- [Assignment] The data below should be restated word for word, with every picture omitted.

START Supplied material

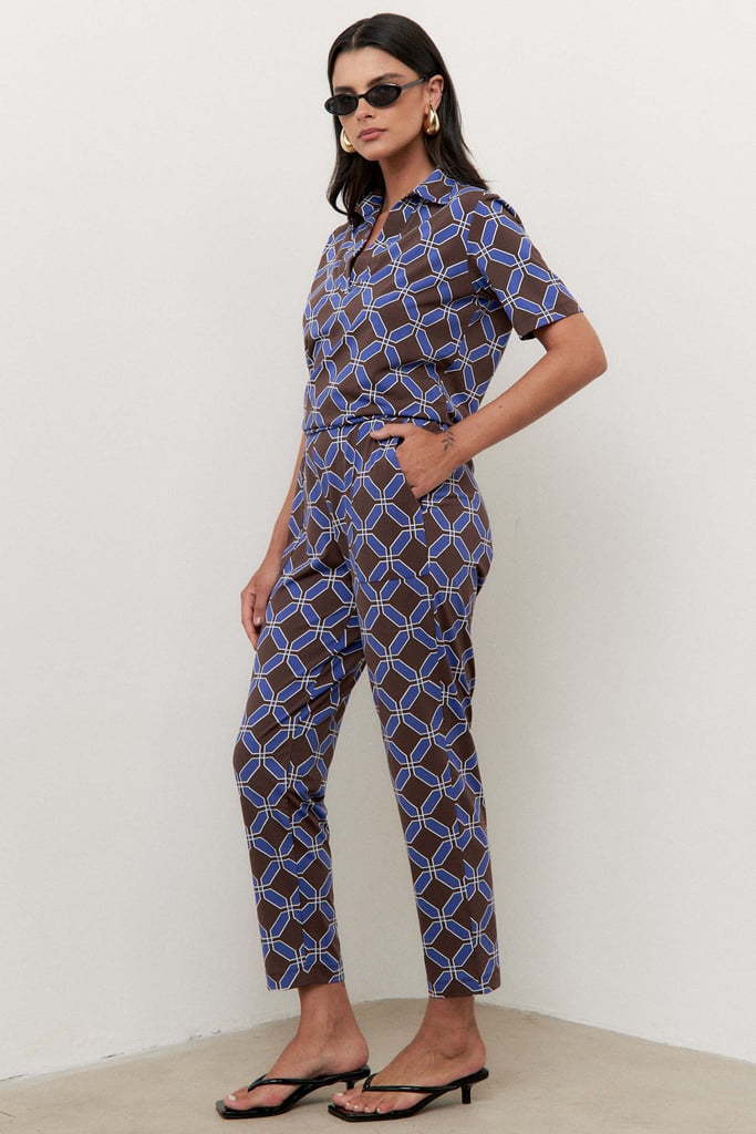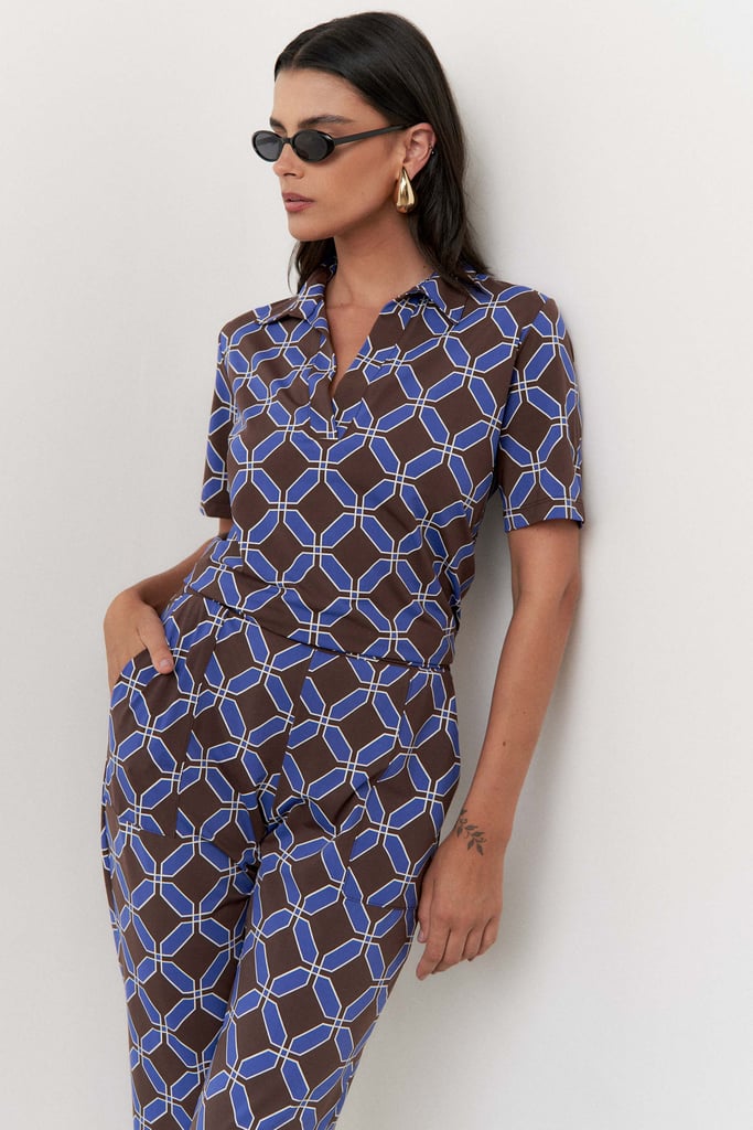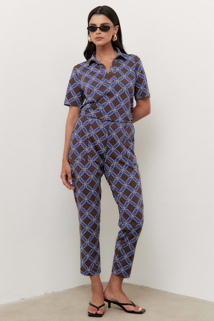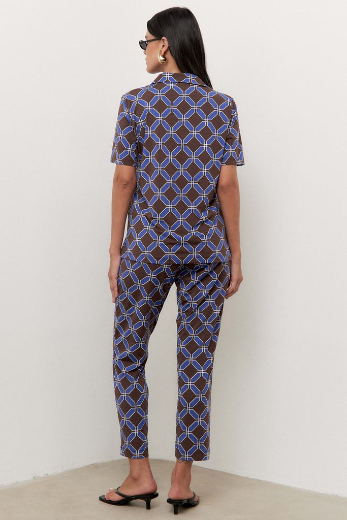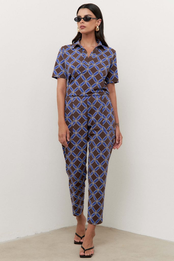 Confeccionado em tecido de malha Fluity, o conjunto é superconfortável, tem o toque geladinho e não amassa. A blusa possui gola de camisa, vista interrompida e manga curta. A calça traz nossa modelagem clássica reta com pregas frontais, bolsos laterais e cós com elástico embutido nas costas para maior conforto. A estampa é mais uma exclusividade Simple Life.
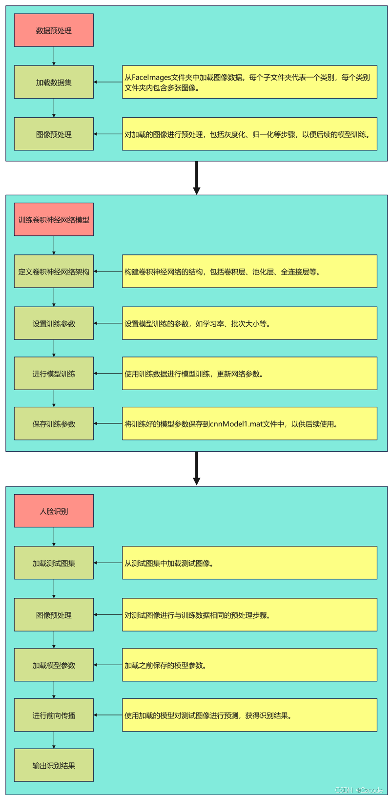 系统主要包括数据预处理、模型训练和人脸识别三个模块。在数据预处理中,我们收集并处理了包含多个类别的人脸图像数据集。在模型训练过程中,使用MATLAB实现了卷积神经网络模型的训练,并保存了训练好的模型参数。
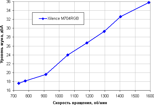 Диапазон регулировки не очень широкий: от 35% до 100% с плавным и близким к линейному ростом скорости вращения. При снижении коэффициента заполнения (КЗ) до 0 вентилятор не останавливается. Это может иметь значение, если пользователь хочет создать гибридную систему охлаждения, которая при низкой нагрузке работает полностью или частично в пассивном режиме.

END Supplied material

- [Task answer]
 Confeccionado em tecido de malha Fluity, o conjunto é superconfortável, tem o toque geladinho e não amassa. A blusa possui gola de camisa, vista interrompida e manga curta. A calça traz nossa modelagem clássica reta com pregas frontais, bolsos laterais e cós com elástico embutido nas costas para maior conforto. A estampa é mais uma exclusividade Simple Life.
 系统主要包括数据预处理、模型训练和人脸识别三个模块。在数据预处理中,我们收集并处理了包含多个类别的人脸图像数据集。在模型训练过程中,使用MATLAB实现了卷积神经网络模型的训练,并保存了训练好的模型参数。
 Диапазон регулировки не очень широкий: от 35% до 100% с плавным и близким к линейному ростом скорости вращения. При снижении коэффициента заполнения (КЗ) до 0 вентилятор не останавливается. Это может иметь значение, если пользователь хочет создать гибридную систему охлаждения, которая при низкой нагрузке работает полностью или частично в пассивном режиме.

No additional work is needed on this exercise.